Shanghai Grand
Reviewed by YTSL
I had high hopes for this 1996 Film Workshop
adaptation of a popular early 1980s TV series that starred Chow Yun-Fat
and Ray Lui in the roles played here by Leslie Cheung and Andy Lau.
For one thing, it is a favorite of a Hong Kong movie friend and Brian also
had good things to say about it. For another, Leslie Cheung is known
for being more astute than many other Hong Kong performers -- including
his way more prolific co-star -- with regards to his choice of which work
he is willing to be a part. Then there was the promise that came
from this offering having a 1930s Shanghai setting and its producer, Tsui
Hark, seeming to be able to do more substantive things with period pieces
than (more) temporally contemporary works.
SHANGHAI GRAND gets off on a promisingly powerful
note with an opening scene that takes place on a boat being buffeted by
high waves and stormy weather. The film's audience gets thrown straight
into an intense situation which involves the torture of a couple of betrayed
members of "the Taiwan People's League" (in a bid to discover which of
them is a man named Hui Man Keung), the cold-blooded machine-gunning of
all but one of the captives plus a gun battle between the one escapee and
the archvillainess along with her henchmen (while an individual later revealed
to be the chief traitor of the patriotic Taiwanese Chinese cause looks
on). It also is via these circumstances and on this vessel that we
get introduced to three people who will play key parts in the rest of this
action drama's proceedings.
Leslie Cheung -- silly little moustache, stubble
and all -- is mesmerizing as the smoldering Hui Man Keung (and IMHO, it
is really only when he is on screen that this often wonderfully atmospheric
yet at times surprisingly hollow feeling work has a heart). Almen
Wong spices up things with her portrayal of the formidable female Japanese
collaborator who unfortunately does not have that large a part in SHANGHAI
GRAND. To keep the elements of surprise that ought to remain in certain
salient plot twists that occur later in this multi-stranded movie, I think
it best to not reveal who plays the third of this trio of characters.

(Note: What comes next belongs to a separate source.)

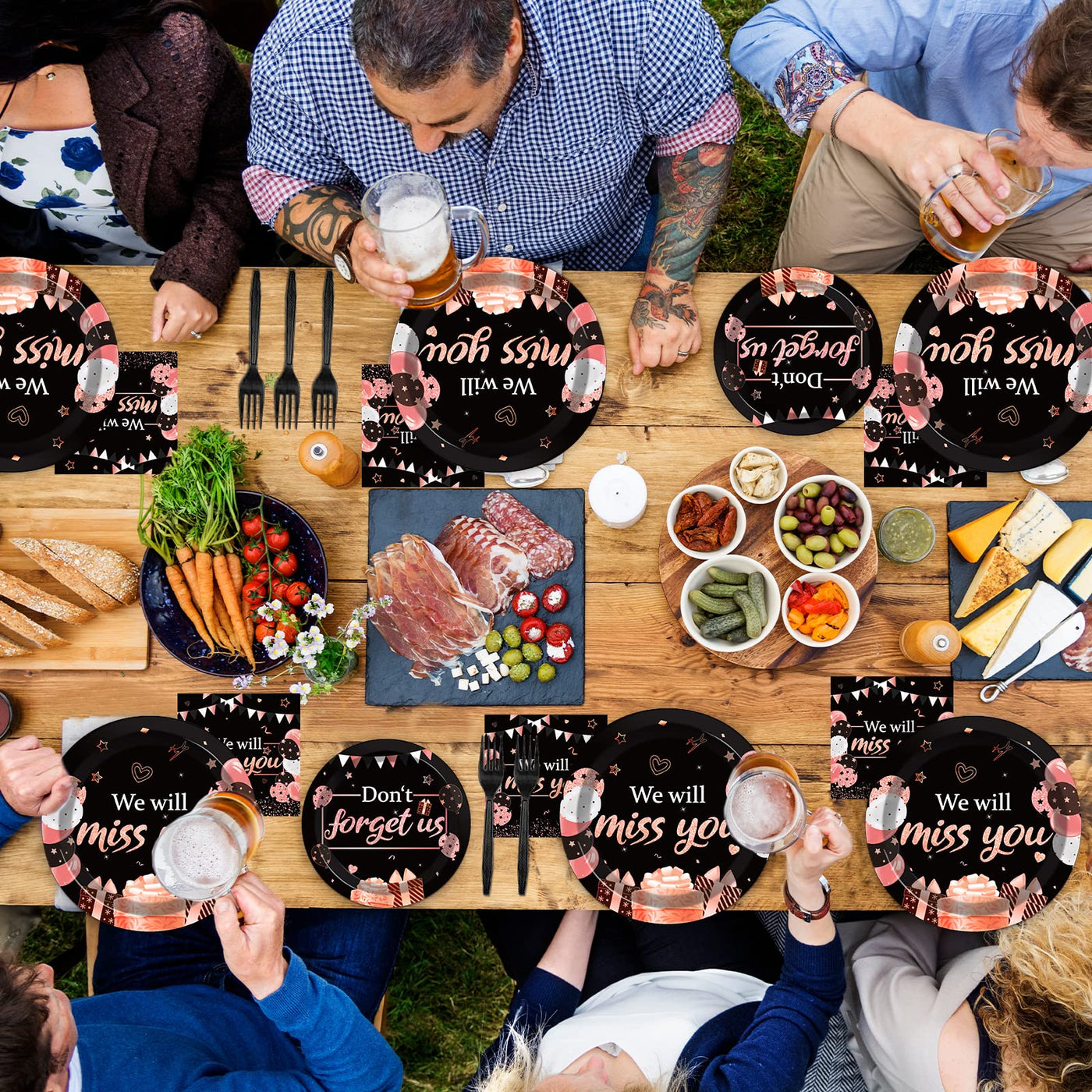 96Pcs We Will Miss You Party Paper Plate And Napkin Farewell Party Decoration Going Away Party Disposable Tableware Set Black An

However, the reader -- and (potential) viewer of this film -- would do
well to note that Hui's chief visual memory of one of his hated enemies
is that this individual is a smoker of cigars. Similarly, a cheongsam's
pattern is what the revenge-seeking Hui utilizes to identify the sadistic
woman responsible for the death of his comrades.
For a not particularly ideal or logical reason,
SHANGHAI GRAND has a second story line whose focus is an individual who
literally rises from being a nightsoil collector to a powerful Triad boss.
Andy Lau plays Ding Lik as a man whose ambitions are stoked in part by
his wanting to be considered worthy of his wealthy patron's daughter (The
Mainland Chinese actress, Ning Jing, plays Fung Ching Ching while the Taiwanese
actor, Wu Hsing Kuo, plays her gangster father, Fung King Yin). For
me, this character -- but not necessarily the actor who plays him -- is
the film's major weak component. One big problem is that the makers
of the movie appeared to be counting on the viewers to be sympathetic to
Ding just because he comes in the form of the good-looking and often elegantly
attired Andy Lau. As such, someone like me who thinks the Cantopop
Sky King is okay but not great will find it difficult to understand why
Amanda Lee's minor character would fall for him, and -- more significantly
-- will neither be shocked nor aghast that the woman he loves does not
return his affections (This even without knowing that much about this girlish
character who also is too colorless for my liking).
The hokey manner in which Hui and Ding's paths
cross and lives get intertwined is something else that occurs in a manner
that does not help the cause of SHANGHAI GRAND. At the same time,
and worse, there is a predictability to the film that comes from one's
knowing that it really is only a complete piece of fiction. Consequently,
some way before its end, it ceases to be the effective affecting work that
its makers seemed to have sought for it to be. Perhaps it's no coincidence
then that its director (cum co-scriptwriter), Poon Man Kit, does not appear
to have been given a production to helm in the five years or so since this
disappointingly flawed movie -- which nevertheless has a choice scene involving
a boa constrictor! -- was first released in Hong Kong cinemas.
My rating for this film: 6.

DVD Information:
Distributed by Mei Ah
The transfer is very nice - good color tones,
sharp, clean.
Letterboxed
Cantonese and Mandarin language tracks.
9 Chapters
The subtitles are Chinese or English or none
- and easy to read.
There is a trailer for this film - but no others.